_TASK STATEMENT_. The answer is to be the lines below that lie between the line holding "AK Fröhliche Weihnachten, Winterliches" and the line holding "El próximo domingo", inclusive, transcribed exactly and free of pictures.

_EXTRACTED ENTRIES_.

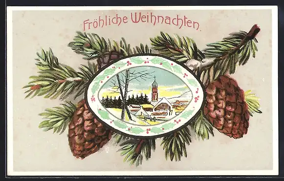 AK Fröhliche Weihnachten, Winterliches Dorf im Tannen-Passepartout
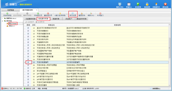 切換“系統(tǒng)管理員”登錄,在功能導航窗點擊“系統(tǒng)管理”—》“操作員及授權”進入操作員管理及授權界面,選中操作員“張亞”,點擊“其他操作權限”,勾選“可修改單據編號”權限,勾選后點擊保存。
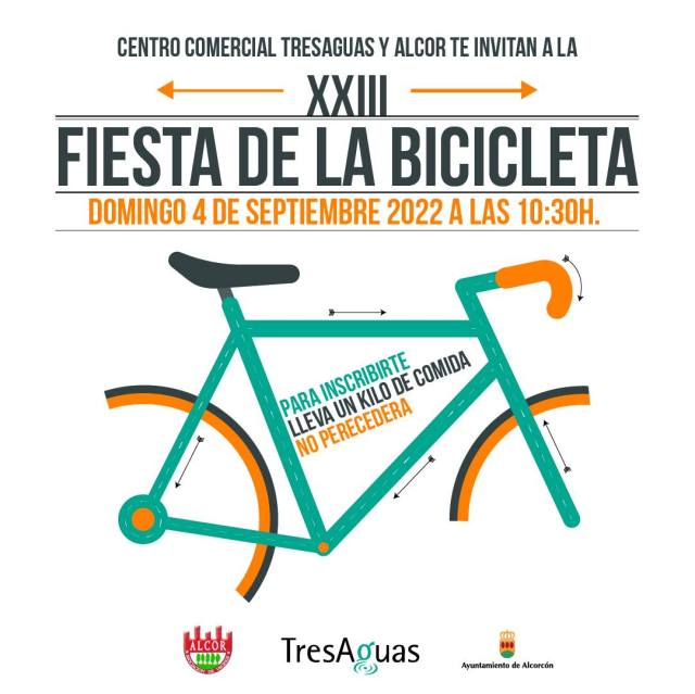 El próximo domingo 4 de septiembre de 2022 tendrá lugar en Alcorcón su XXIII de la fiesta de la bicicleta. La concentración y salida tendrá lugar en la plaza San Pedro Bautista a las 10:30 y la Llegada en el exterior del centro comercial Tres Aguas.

==

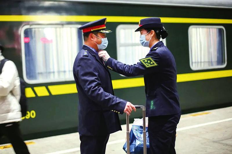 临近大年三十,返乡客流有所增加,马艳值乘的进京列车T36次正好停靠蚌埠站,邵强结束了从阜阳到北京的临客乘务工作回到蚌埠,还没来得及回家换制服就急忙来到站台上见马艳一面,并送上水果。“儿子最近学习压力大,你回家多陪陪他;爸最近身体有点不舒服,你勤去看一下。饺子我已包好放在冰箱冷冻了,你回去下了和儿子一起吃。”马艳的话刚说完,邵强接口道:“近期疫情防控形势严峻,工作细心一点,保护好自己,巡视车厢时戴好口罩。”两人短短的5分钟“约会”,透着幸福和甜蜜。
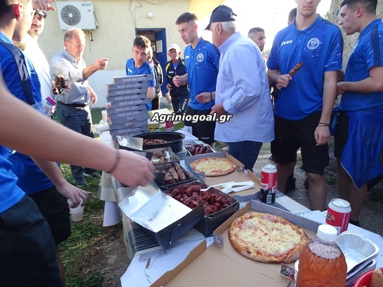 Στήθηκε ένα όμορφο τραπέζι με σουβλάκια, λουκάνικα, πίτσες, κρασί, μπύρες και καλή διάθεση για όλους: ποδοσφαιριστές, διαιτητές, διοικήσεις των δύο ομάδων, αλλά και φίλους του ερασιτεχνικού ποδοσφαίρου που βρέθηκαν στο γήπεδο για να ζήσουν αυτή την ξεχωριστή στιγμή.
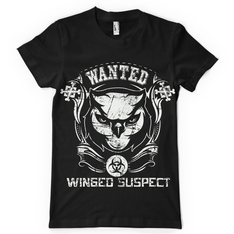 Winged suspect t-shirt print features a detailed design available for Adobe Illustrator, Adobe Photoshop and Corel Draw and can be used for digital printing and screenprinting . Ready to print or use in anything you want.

_RESPONSE_.
 AK Fröhliche Weihnachten, Winterliches Dorf im Tannen-Passepartout
 切換“系統(tǒng)管理員”登錄,在功能導航窗點擊“系統(tǒng)管理”—》“操作員及授權”進入操作員管理及授權界面,選中操作員“張亞”,點擊“其他操作權限”,勾選“可修改單據編號”權限,勾選后點擊保存。
 El próximo domingo 4 de septiembre de 2022 tendrá lugar en Alcorcón su XXIII de la fiesta de la bicicleta. La concentración y salida tendrá lugar en la plaza San Pedro Bautista a las 10:30 y la Llegada en el exterior del centro comercial Tres Aguas.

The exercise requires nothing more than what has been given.